=== What the task requires ===
Retype exactly the span of lines below from the one with "Sleeveless crew neck" through the one with "ชื่อเรื่อง : เชิญดาวน์โหลดและใช้แอปพลิเคชั่น". Do not include pictures.

=== Supplied records ===
_ _ _ _ _ _ _

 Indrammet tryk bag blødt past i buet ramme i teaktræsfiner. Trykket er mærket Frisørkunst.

_ _ _ _ _ _ _

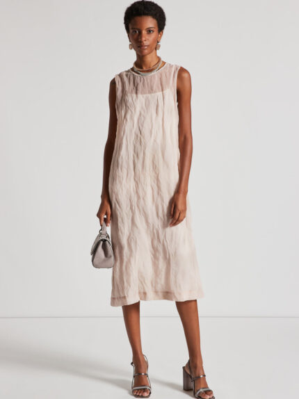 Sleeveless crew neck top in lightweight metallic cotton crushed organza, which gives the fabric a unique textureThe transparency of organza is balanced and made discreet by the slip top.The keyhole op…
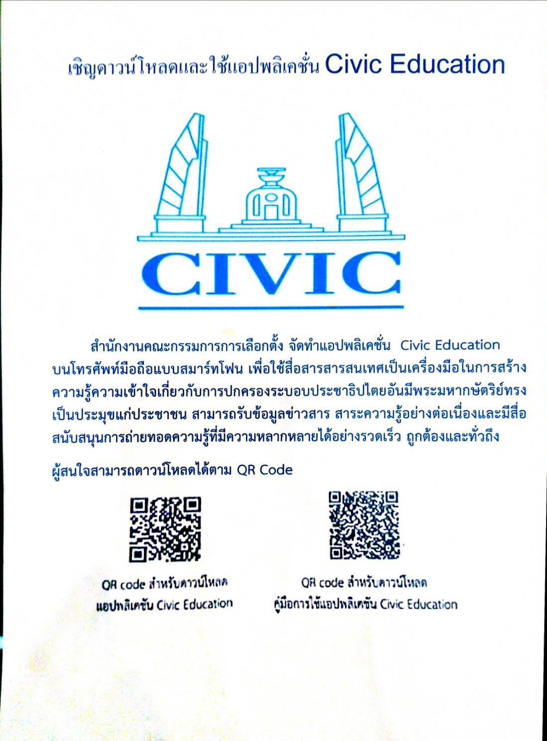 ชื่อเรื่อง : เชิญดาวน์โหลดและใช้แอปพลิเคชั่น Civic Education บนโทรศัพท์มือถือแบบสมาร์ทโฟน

_ _ _ _ _ _ _

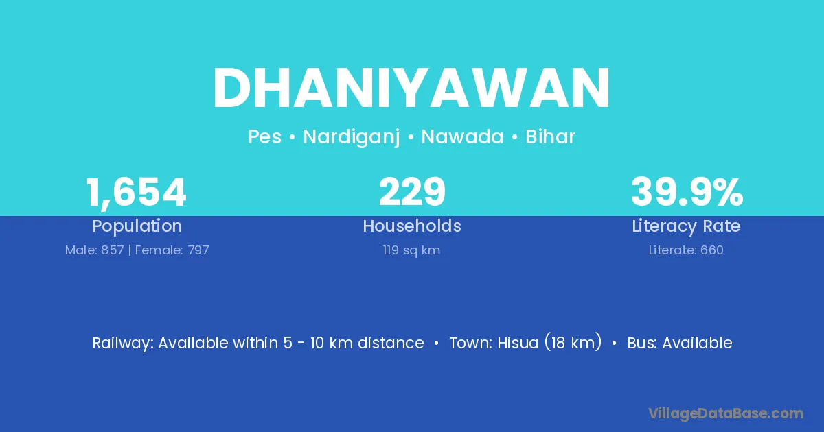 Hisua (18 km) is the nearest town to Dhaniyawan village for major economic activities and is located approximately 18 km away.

_ _ _ _ _ _ _

=== Written answer ===
 Sleeveless crew neck top in lightweight metallic cotton crushed organza, which gives the fabric a unique textureThe transparency of organza is balanced and made discreet by the slip top.The keyhole op…
 ชื่อเรื่อง : เชิญดาวน์โหลดและใช้แอปพลิเคชั่น Civic Education บนโทรศัพท์มือถือแบบสมาร์ทโฟน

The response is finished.